I really appreciate if you point me to the right direction. at the moment is giving an error __init__() takes 3 positional arguments but 4 were given
I also don’t have any idea how can I do it for mask of images (my task is segmentation)

It seems you are passing the torchvision.transforms.functional methods to transforms.Compose instead of the classes.
In case you would like to use the functional API, you could just apply these methods in your __getitem__ method:

if any([img in image for img in self.transform_images]):
    t_image = tf.rotate(t_image, 10)
    t_image = tf.affine(t_image, 0, (0, 0), 0.2, 0.2)

Or alternativelywrap them in transforms.Lambda:

transform = transforms.Compose([
    transforms.Lambda(lambda x: TF.rotate(x, 10)),
    transforms.Lambda(lambda x: TF.affine(x,
                                          angle=0,
                                          translate=(0, 0),
                                          scale=0.2,
                                          shear=0.2))
])

I just assumed, you would like to set the scale and shear argument to 0.2. If that’s not correct, you should of course correct my code.

1 Like

@ptrblck Thanks a lot. Also, my main problem is apply augmentation on specific indices. In the second above snippet, which is splitting the dataset and define the dataloader do I need to make a list of indices which need to be augment? Is there any example for this?

Try to pass a list containing all images names which should be transformed.
In __getitem__ you should compare the current image_path not the image itself.
Here is a simple example for a folder containing 5 images:

class CustomDataset(Dataset):
    def __init__(self, image_paths, transform_images):   
        self.image_paths = image_paths
        self.transform_images = transform_images
        self.transformm = transforms.Lambda(lambda x: TF.affine(x,
                                                                angle=0,
                                                                translate=(0, 0),
                                                                scale=0.2,
                                                                shear=0.2))
    
    def __getitem__(self, index):
        image = Image.open(self.image_paths[index])

        if any([img in self.image_paths[index] for img in self.transform_images]):
            print('applying special transformation')
            image = self.transformm(image) #augmentation
        
        image = TF.to_tensor(image)
            
        return image, self.image_paths[index]
    
    def __len__(self):  
        return len(self.image_paths)

image_paths = glob.glob('./data/fake_folders/class0/*.png')
print(image_paths)
> ['./data/fake_folders/class0/0.png', './data/fake_folders/class0/1.png', './data/fake_folders/class0/3.png', './data/fake_folders/class0/2.png', './data/fake_folders/class0/4.png']

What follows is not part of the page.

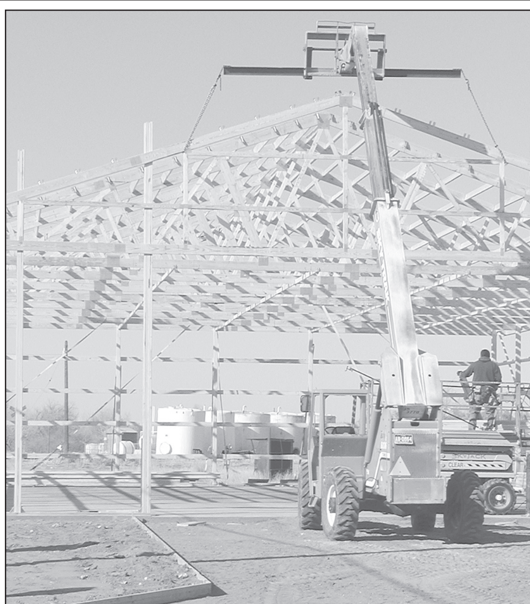
SHED RAISING — The new St. Francis Equity Feed store building is quickly going up on River and Jackson streets.

The next meeting is set for Wednesday, April 8, but will begin at 7:30 instead of 8 p.m. as stated on the school calendar.

transform_images = ['0.png', '1.png']  # apply special transformation only on first two images
print(transform_images)
> ['0.png', '1.png']

dataset = CustomDataset(image_paths, transform_images)
for data, path in dataset:
    print(path)
> applying special transformation
./data/fake_folders/class0/0.png
applying special transformation
./data/fake_folders/class0/1.png
./data/fake_folders/class0/3.png
./data/fake_folders/class0/2.png
./data/fake_folders/class0/4.png
1 Like

Thank you very much @ptrblck.
As I am doing segmentation, I did repeat the same thing for masks augmentation as well. Is it correct?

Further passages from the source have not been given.